▶ [Data excerpts]:
= Beginning of Section =

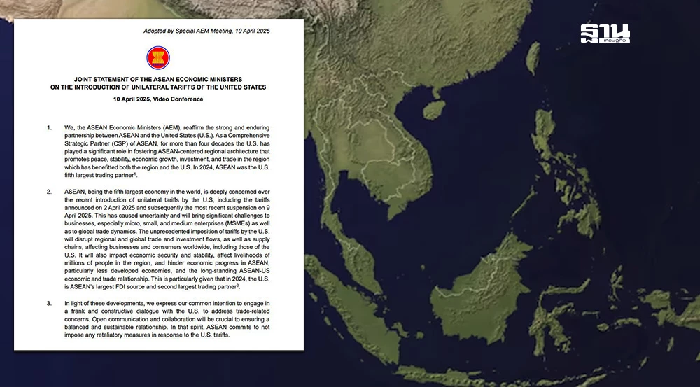 อาเซียน ซึ่งเป็นเศรษฐกิจใหญ่อันดับห้าของโลก มีความกังวลอย่างยิ่งเกี่ยวกับการประกาศใช้ภาษีฝ่ายเดียวโดยสหรัฐฯ เมื่อเร็วๆ นี้ รวมถึงภาษีที่ประกาศเมื่อวันที่ 2 เมษายน 2568 และการระงับล่าสุดเมื่อวันที่ 9 เมษายน 2568 สิ่งนี้ได้สร้างความไม่แน่นอนและจะนำมาซึ่งความท้าทายที่สำคัญต่อภาคธุรกิจ โดยเฉพาะวิสาหกิจขนาดจุลภาค ขนาดย่อม และขนาดกลาง (MSMEs) ตลอดจนพลวัตการค้าโลก การเรียกเก็บภาษีโดยสหรัฐฯ ที่ไม่เคยเกิดขึ้นมาก่อนนี้จะส่งผลกระทบต่อการค้าระดับภูมิภาคและระดับโลก ตลอดจนกระแสการลงทุนและห่วงโซ่อุปทาน ซึ่งส่งผลต่อธุรกิจและผู้บริโภคทั่วโลก รวมถึงธุรกิจและผู้บริโภคในสหรัฐฯ เอง นอกจากนี้ ยังจะส่งผลกระทบต่อความมั่นคงและเสถียรภาพทางเศรษฐกิจ กระทบต่อการดำรงชีวิตของประชาชนนับล้านในภูมิภาค และขัดขวางความก้าวหน้าทางเศรษฐกิจในอาเซียน โดยเฉพาะในเศรษฐกิจที่พัฒนาน้อยกว่า รวมถึงความสัมพันธ์ทางเศรษฐกิจและการค้าระหว่างอาเซียนและสหรัฐฯ ที่มีมายาวนาน โดยเฉพาะอย่างยิ่งเมื่อพิจารณาว่าในปี 2567 สหรัฐฯ เป็นแหล่งการลงทุนโดยตรงจากต่างประเทศรายใหญ่ที่สุดของอาเซียนและเป็นคู่ค้ารายใหญ่อันดับสองของอาเซียน
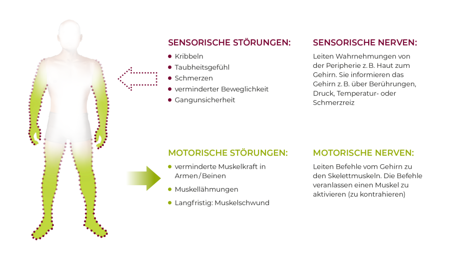 | Lähmungen (Paresen) äußern sich durch: | Empfindungsstörungen (Parästhesien) äußern sich durch: | Nervenschmerzen (neuropathische Schmerzen) äußern sich durch: |
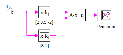 где A – матрица коэффициентов; x(t) – вектор решений; u(t) – вектор правых частей. Блок имеет два векторизованных входных порта: 1-ый входной порт – для ввода матрицы, представляемой в виде вектора коэффициентов при распаковке матрицы по строкам. 2-ой входной порт – для ввода вектора(вектора правых частей). Блок имеет один векторный выходной порт, предназначенный для вывода вектора(вектора решений). Размерность векторного сигнала на 1-ом входном порте должна быть равна, где– количество уравнений в системе, а размерности сигналов на 2-ом входном порте и на выходном порте – одинаковы и равны.
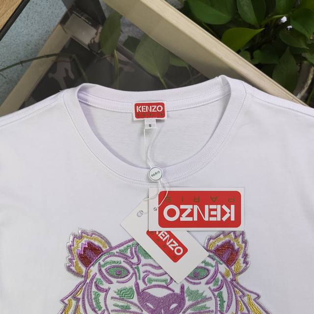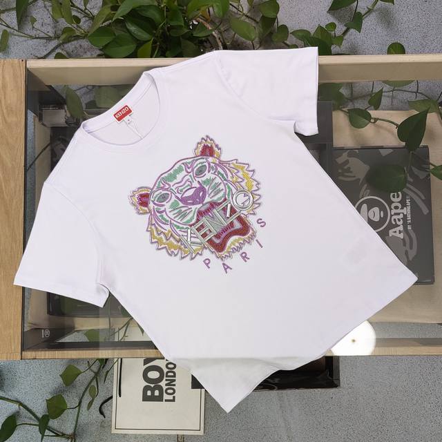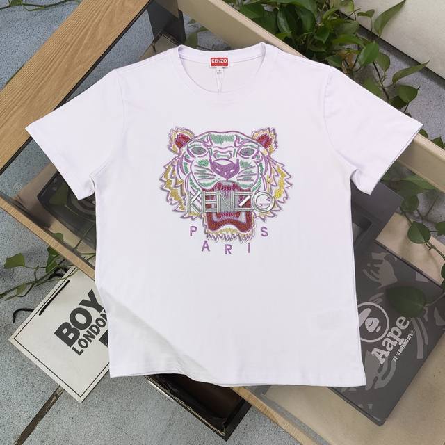 2025 new Kenzo Takada Kenzo embroidered tiger head pattern Logo embroidered casual couple short-sleeved T-shirt, simple and neat color matching, eye-catching and high-end atmosphere, hundreds of thousands of stitches of fine embroidery on the chest, still maintaining a meticulous and rigorous attitude, giving you high-end quality, using the most popular mercerized cotton fine cotton fabric, high-quality breathable, comfortable and cool. The inner embroidery is treated with mesh, skin-friendly and comfortable, the same style for men and women!
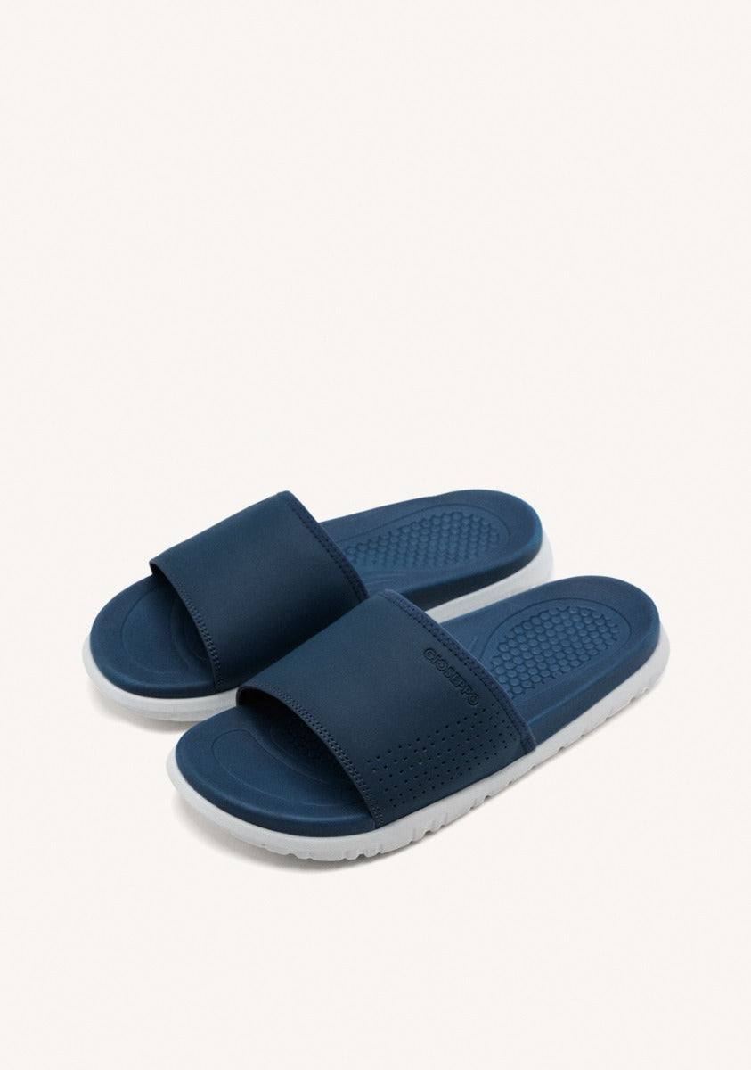 Flip-flops with a padded insole and non-slip sole. Composition: -Polyurethane upper. -Polyester lining. -Fylon sole, a shock-absorbing, non-slip and ultra-light material. -Flexible TPR sole.
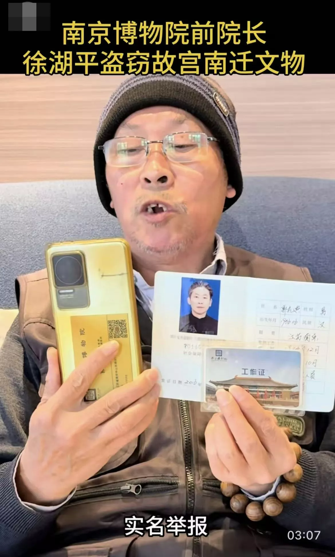 2025年12月21日,一名自称为南京博物院退休员工郭礼典的男子,实名举报南京博物院前院长徐湖平盗窃走私故宫南迁文物,致使数以千计国宝流失、损毁,同时还涉及行贿等。《亚洲周刊》曾在微博发文透露,警方曾于2025年12月24日围控徐湖平别墅十几个小时后,将徐湖平夫妇及保母带走。
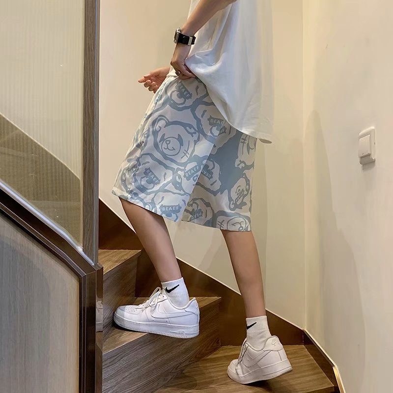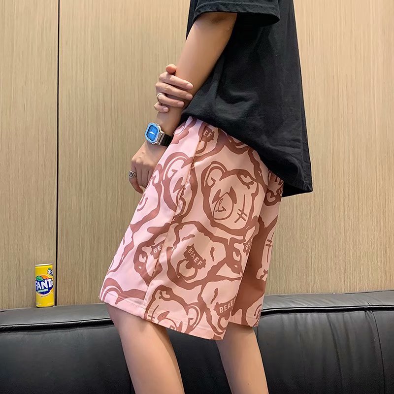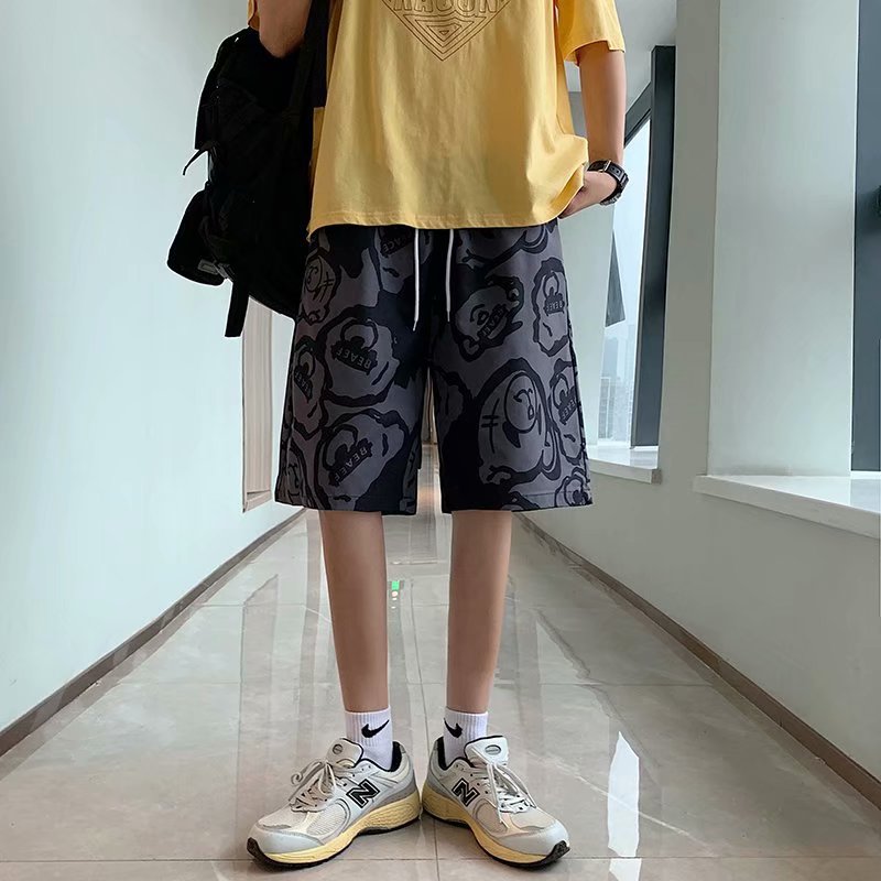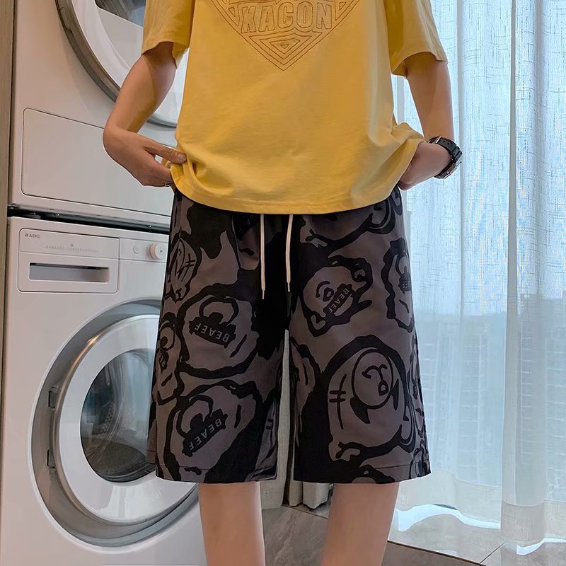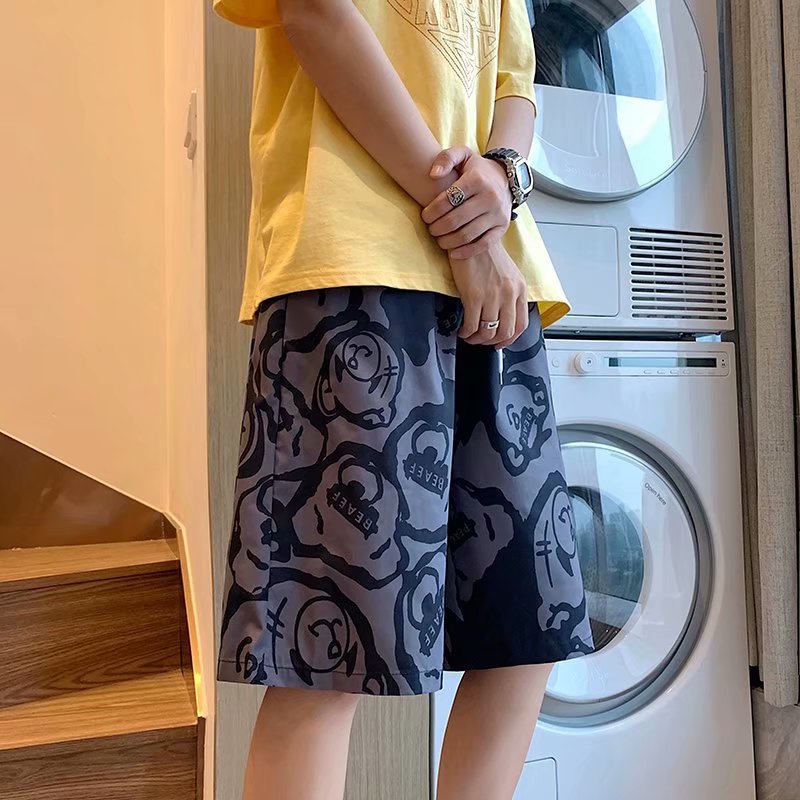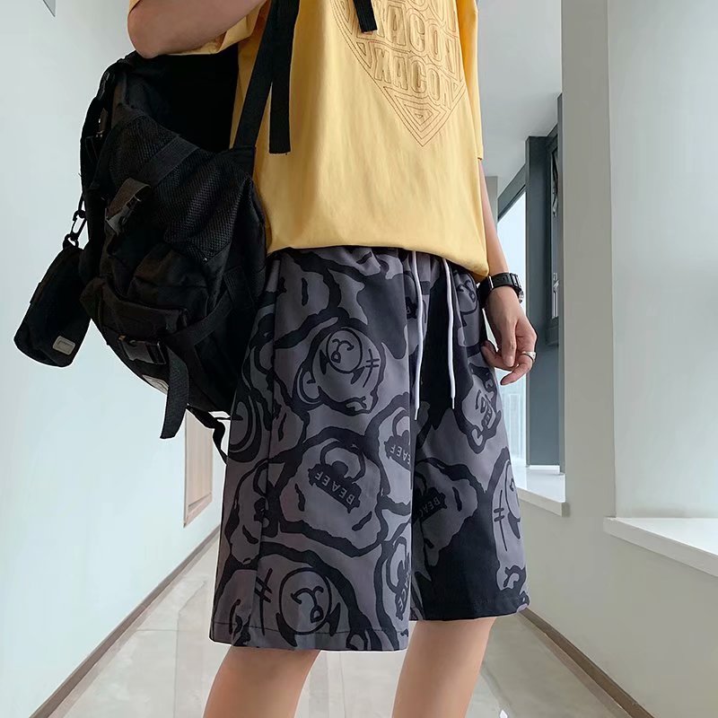 短裤男夏季潮流宽松休闲直筒运动裤韩版港风扎染迷彩男装五分裤子

= End of Section =

▶ [What needs to be done]:
Print each entry shown above with exact wording and no pictures.

▶ [Answer to this exercise]:
 อาเซียน ซึ่งเป็นเศรษฐกิจใหญ่อันดับห้าของโลก มีความกังวลอย่างยิ่งเกี่ยวกับการประกาศใช้ภาษีฝ่ายเดียวโดยสหรัฐฯ เมื่อเร็วๆ นี้ รวมถึงภาษีที่ประกาศเมื่อวันที่ 2 เมษายน 2568 และการระงับล่าสุดเมื่อวันที่ 9 เมษายน 2568 สิ่งนี้ได้สร้างความไม่แน่นอนและจะนำมาซึ่งความท้าทายที่สำคัญต่อภาคธุรกิจ โดยเฉพาะวิสาหกิจขนาดจุลภาค ขนาดย่อม และขนาดกลาง (MSMEs) ตลอดจนพลวัตการค้าโลก การเรียกเก็บภาษีโดยสหรัฐฯ ที่ไม่เคยเกิดขึ้นมาก่อนนี้จะส่งผลกระทบต่อการค้าระดับภูมิภาคและระดับโลก ตลอดจนกระแสการลงทุนและห่วงโซ่อุปทาน ซึ่งส่งผลต่อธุรกิจและผู้บริโภคทั่วโลก รวมถึงธุรกิจและผู้บริโภคในสหรัฐฯ เอง นอกจากนี้ ยังจะส่งผลกระทบต่อความมั่นคงและเสถียรภาพทางเศรษฐกิจ กระทบต่อการดำรงชีวิตของประชาชนนับล้านในภูมิภาค และขัดขวางความก้าวหน้าทางเศรษฐกิจในอาเซียน โดยเฉพาะในเศรษฐกิจที่พัฒนาน้อยกว่า รวมถึงความสัมพันธ์ทางเศรษฐกิจและการค้าระหว่างอาเซียนและสหรัฐฯ ที่มีมายาวนาน โดยเฉพาะอย่างยิ่งเมื่อพิจารณาว่าในปี 2567 สหรัฐฯ เป็นแหล่งการลงทุนโดยตรงจากต่างประเทศรายใหญ่ที่สุดของอาเซียนและเป็นคู่ค้ารายใหญ่อันดับสองของอาเซียน
 | Lähmungen (Paresen) äußern sich durch: | Empfindungsstörungen (Parästhesien) äußern sich durch: | Nervenschmerzen (neuropathische Schmerzen) äußern sich durch: |
 где A – матрица коэффициентов; x(t) – вектор решений; u(t) – вектор правых частей. Блок имеет два векторизованных входных порта: 1-ый входной порт – для ввода матрицы, представляемой в виде вектора коэффициентов при распаковке матрицы по строкам. 2-ой входной порт – для ввода вектора(вектора правых частей). Блок имеет один векторный выходной порт, предназначенный для вывода вектора(вектора решений). Размерность векторного сигнала на 1-ом входном порте должна быть равна, где– количество уравнений в системе, а размерности сигналов на 2-ом входном порте и на выходном порте – одинаковы и равны.
 2025 new Kenzo Takada Kenzo embroidered tiger head pattern Logo embroidered casual couple short-sleeved T-shirt, simple and neat color matching, eye-catching and high-end atmosphere, hundreds of thousands of stitches of fine embroidery on the chest, still maintaining a meticulous and rigorous attitude, giving you high-end quality, using the most popular mercerized cotton fine cotton fabric, high-quality breathable, comfortable and cool. The inner embroidery is treated with mesh, skin-friendly and comfortable, the same style for men and women!
 Flip-flops with a padded insole and non-slip sole. Composition: -Polyurethane upper. -Polyester lining. -Fylon sole, a shock-absorbing, non-slip and ultra-light material. -Flexible TPR sole.
 2025年12月21日,一名自称为南京博物院退休员工郭礼典的男子,实名举报南京博物院前院长徐湖平盗窃走私故宫南迁文物,致使数以千计国宝流失、损毁,同时还涉及行贿等。《亚洲周刊》曾在微博发文透露,警方曾于2025年12月24日围控徐湖平别墅十几个小时后,将徐湖平夫妇及保母带走。
 短裤男夏季潮流宽松休闲直筒运动裤韩版港风扎染迷彩男装五分裤子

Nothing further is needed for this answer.